To replicate the updates and deletes on tables, pglogical requires a primary key or other valid replica identity such as a unique constraint. Without this unique identifier, pglogical can’t identify the updates and deletes. Additionally, foreign key constraints aren’t enforced during the replication process, so any successful operation on the publisher is assumed to be acceptable for the subscriber as well. Considering that foreign key constraints help maintain the referential integrity of data between child and parent tables, it’s important to understanding this limitation and ensure that your workload can’t cause any integrity violations.

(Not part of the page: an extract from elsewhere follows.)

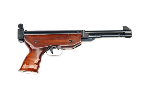 A .177 UNDER-LEVER AIR-PISTOL SIGNED CHINA, MODEL 'QS35', serial no. 961493, with blued 6 5/8in. barrel, adjustable sights, blued air-chamber with flip open breech and smooth wood one-piece stock

Another important aspect to understand is the handling of sequences. Although pglogical provides a mechanism to sync up the sequence numbers, this doesn’t happen in real time. A better strategy is to have independent sequences on both nodes. For example, you may consider using only odd numbers on one node and only even numbers on the other node. This makes sure that there is no conflict of the sequence numbers.